Removing Duplicates With Filtering
Merging, joining or grouping results from several mashables can result in duplicate items in the combined result. You can remove duplicates with the <filter> statement and a filter expression that uses the
axis feature in XPath to compare preceding or following items. See
XPath Axes for basic information on this XPath feature.
To remove duplicates in a mashup, simply merge, join or group results. If needed, sort the combined results based on the key field that determines uniqueness. This ensures that duplicates are contiguous.
Then use <filter> with a filtering expression that compares the key value of either the preceding or following 'item' to determine if this 'item' is unique. See
Unique Filter Example for an example of removing duplicates.
Unique Filter Example
This example merges the results from two RSS mashables and then checks the title of each item to remove duplicates:
<mashup xmlns:xsi= "http://www.w3.org/2001/XMLSchema-instance"
xsi:schemaLocation="http://www.openmashup.org/schemas/v1.0/EMML/
../xsd/EMMLPrestoSpec.xsd"
xmlns="http://www.openmashup.org/schemas/v1.0/EMML"
xmlns:macro="http://www.openmashup.org/schemas/v1.0/EMMLMacro"
xmlns:presto="http://www.jackbe.com/v1.0/EMMLPrestoExtensions"
name = "MergeFeeds">
<output name="result" type="document"/>
<!-- invoke two RSS feeds -->
<directinvoke outputvariable="$feed1"
endpoint="http://www.nytimes.com/services/xml/rss/nyt/HomePage.xml" />
<directinvoke outputvariable="$feed2"
endpoint="http://www.nytimes.com/services/xml/rss/nyt/World.xml" />
<!-- merge the results -->
<merge inputvariables="$feed1, $feed2" outputvariable="$result"/>
<!-- filter for unique items based on title -->
<filter inputvariable="$result" outputvariable="$result"
filterexpr="/rss/channel/item[not(preceding::title = ./title)]" />
</mashup>
The filtering expression uses:
The
not() XPath function to negate the comparison. It only selects items that do not have any preceding items with matching titles.
The
preceding axis to check all previous titles in the merged feeds against the title for the current item.

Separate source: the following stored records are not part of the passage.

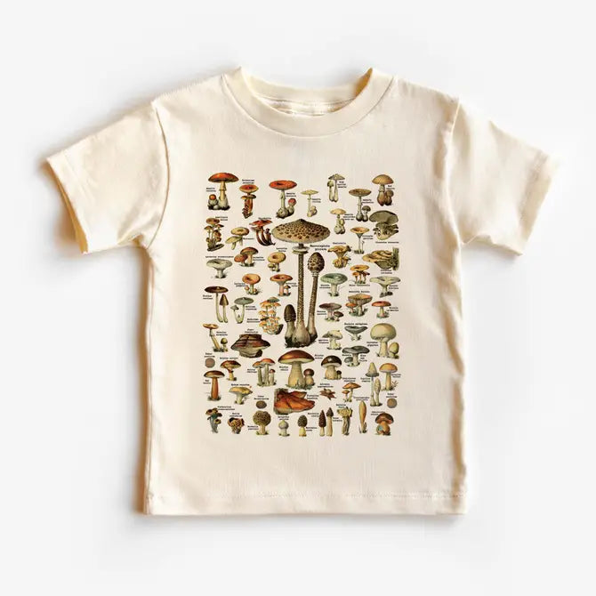 Mushroom Lover Youth Tee. Natural Color 100% Ring Spun Cotton Tee. Printed with Vintage Realistic Mushroom Illustrations.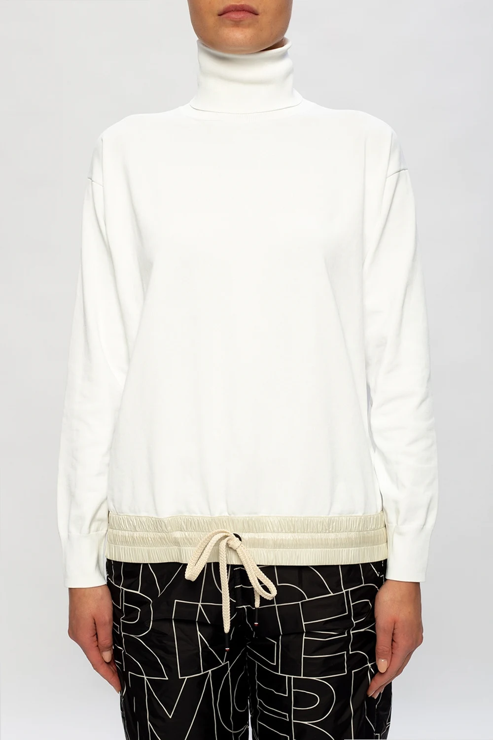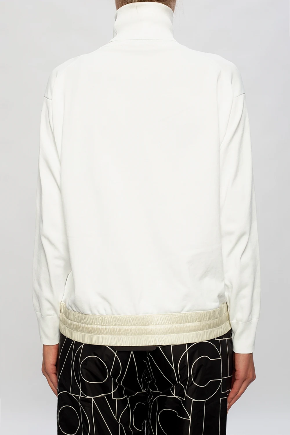 White sweatshirt from Moncler. Sporting snug turtleneck collar, this jumper is complete with long sleeves and a beige rib-knit hem.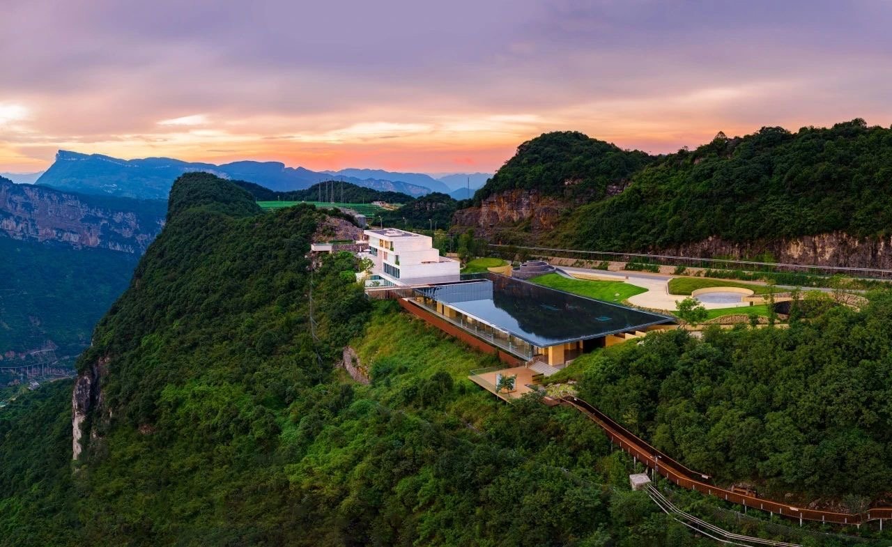郎酒庄园·敬天台曾屡获国际建筑大奖,它是一处覆土式地下建筑,隐于山间绝壁,2500平方米镜面水池屋顶连天接水,整体宛若悬浮在山谷间的“天空之镜”。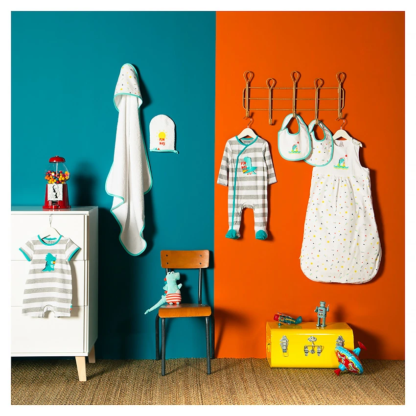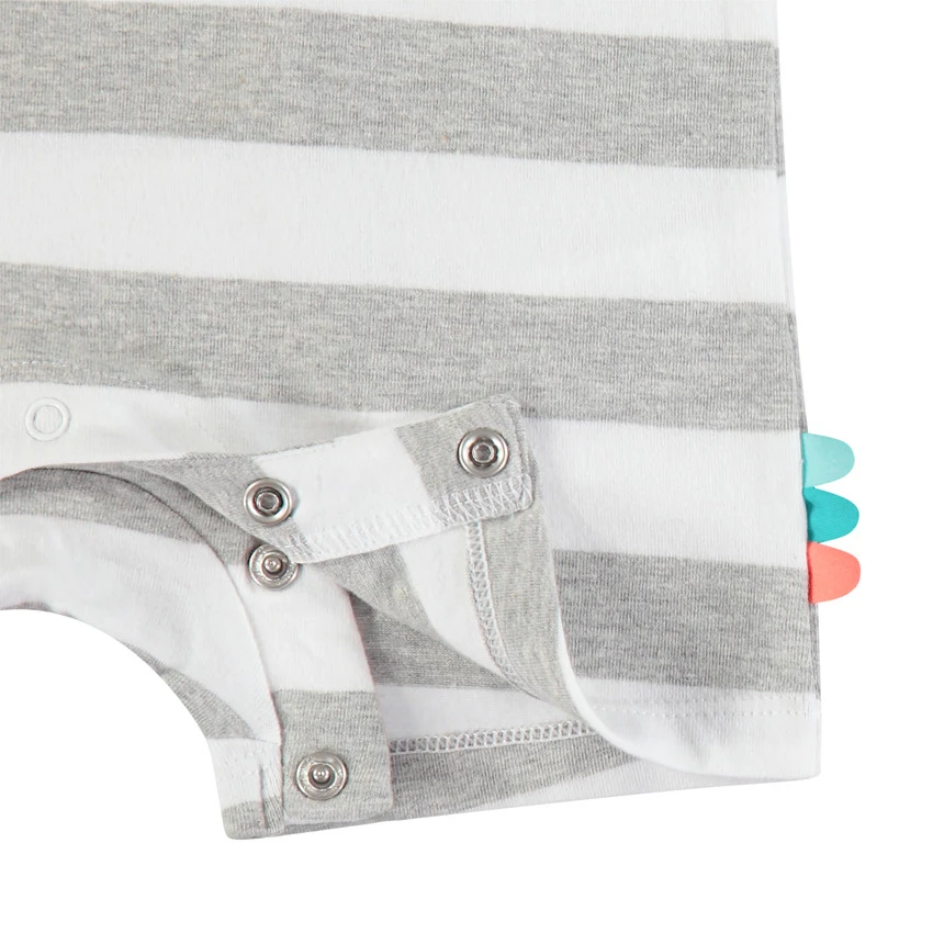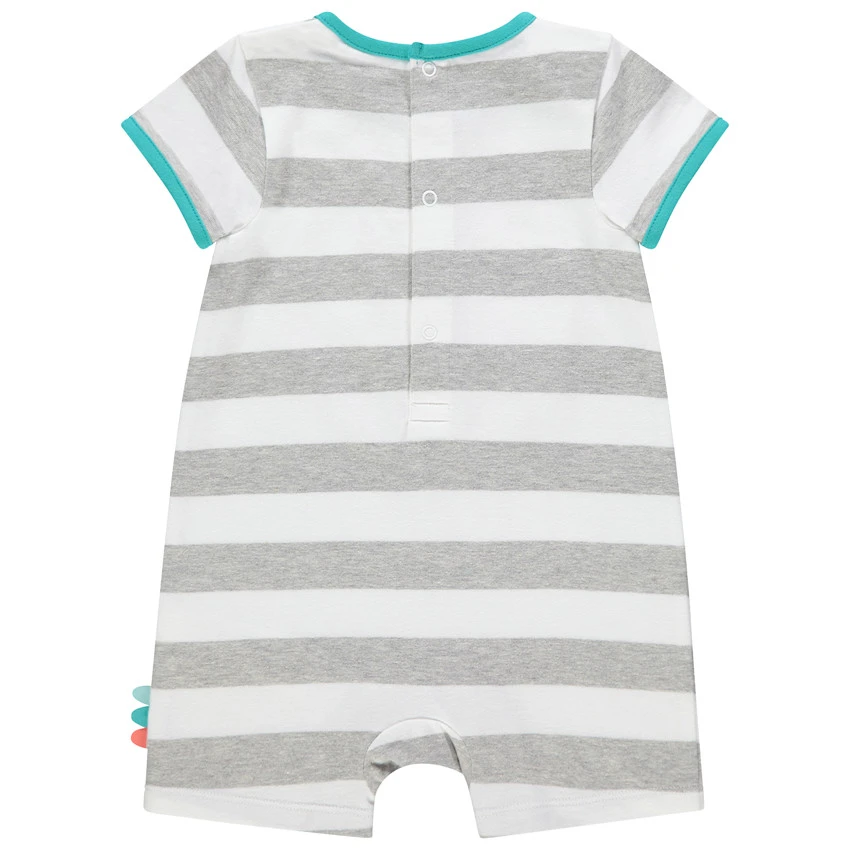 Combinaison à bandes contrastées. Encolure ronde en bord-côte. Dinosaure patché devant. Petite crête colorée en relief sur le côté. Entrejambe et dos pressionnés.
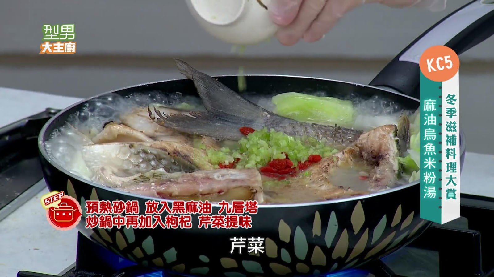 預熱砂鍋,加入1大匙黑麻油、5克九層塔炒香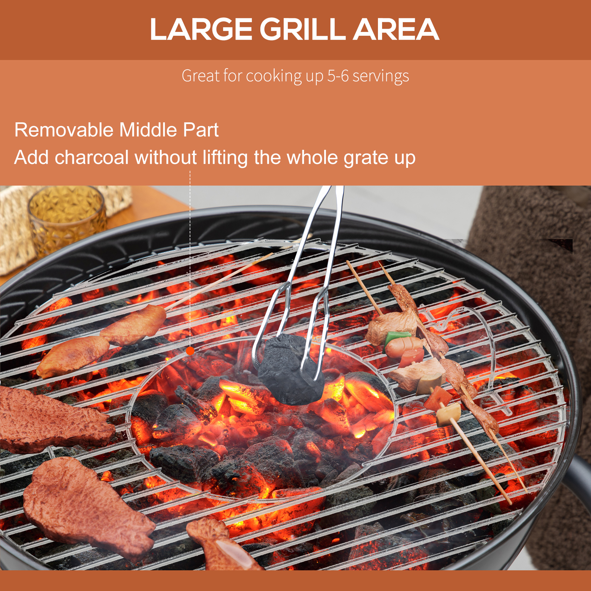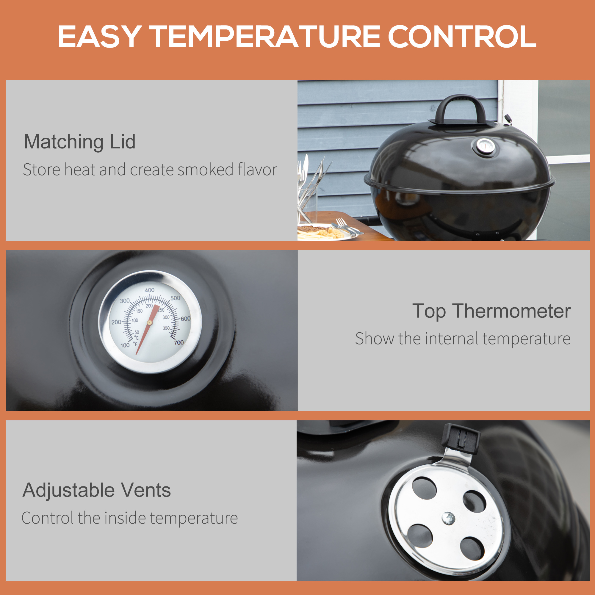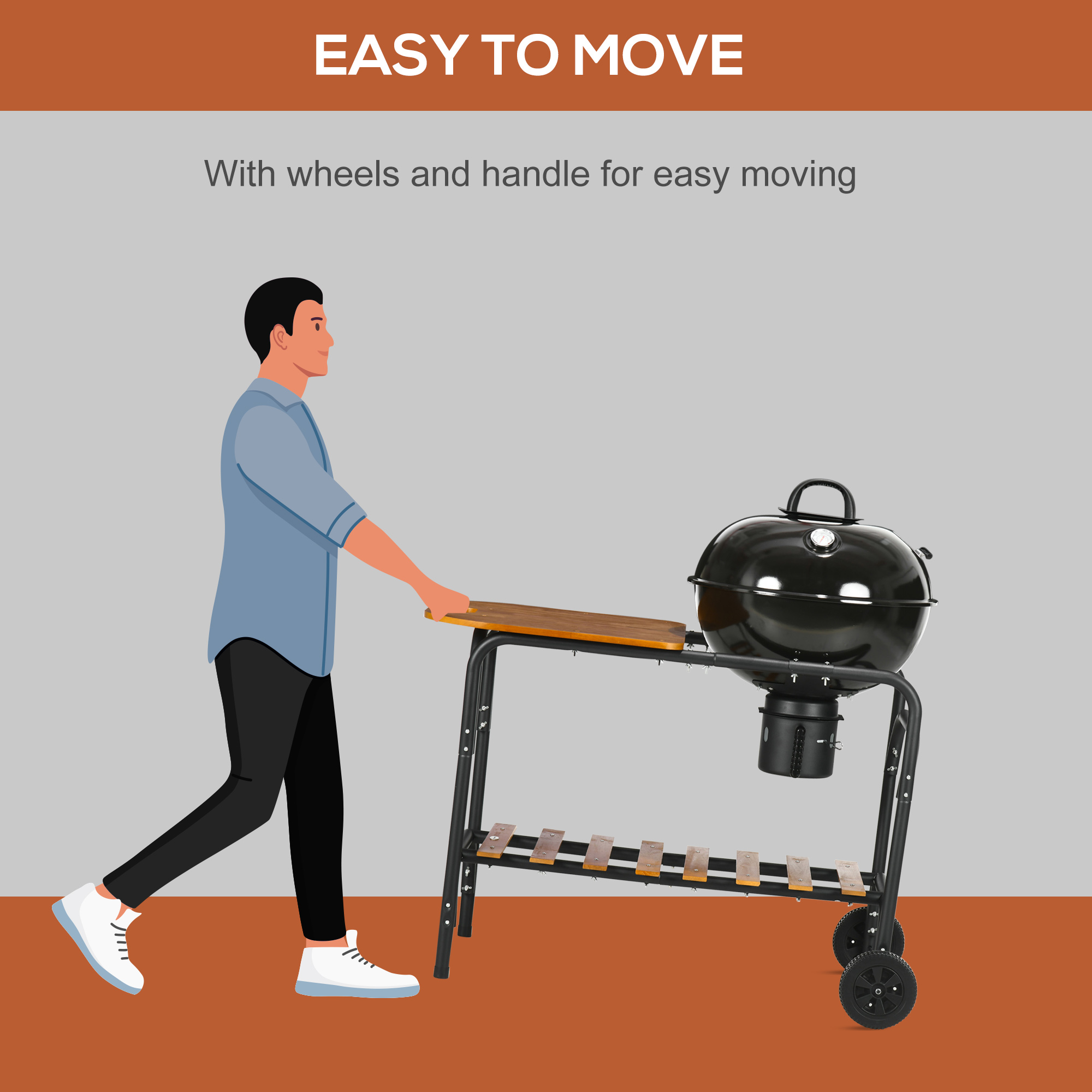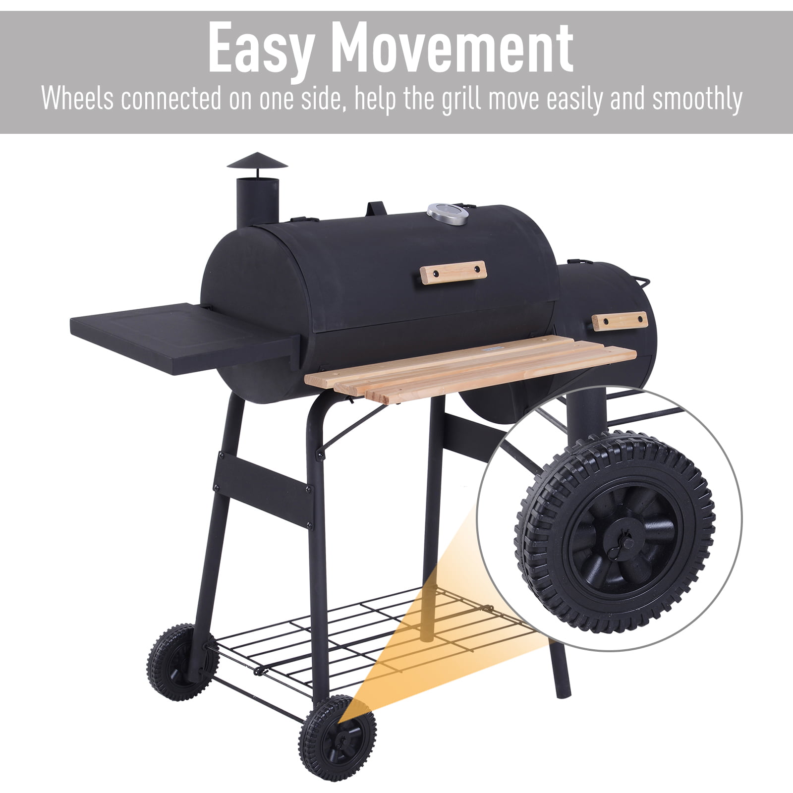 Outsunny Charcoal BBQ Grill on Wheels 21″ Barbecue Smoker W/ Table. Shelf

Because of the structure of RSS results, you could also use preceding-sibling::item/title. If you sort the results based on item/title you could also simply check just the closest item title with preceding-sibling::item[1]/title to rule out duplicates.
The
. in
./title is the short syntax to identify the current context node. This selects the child
title for the current context to compare it to all previous titles.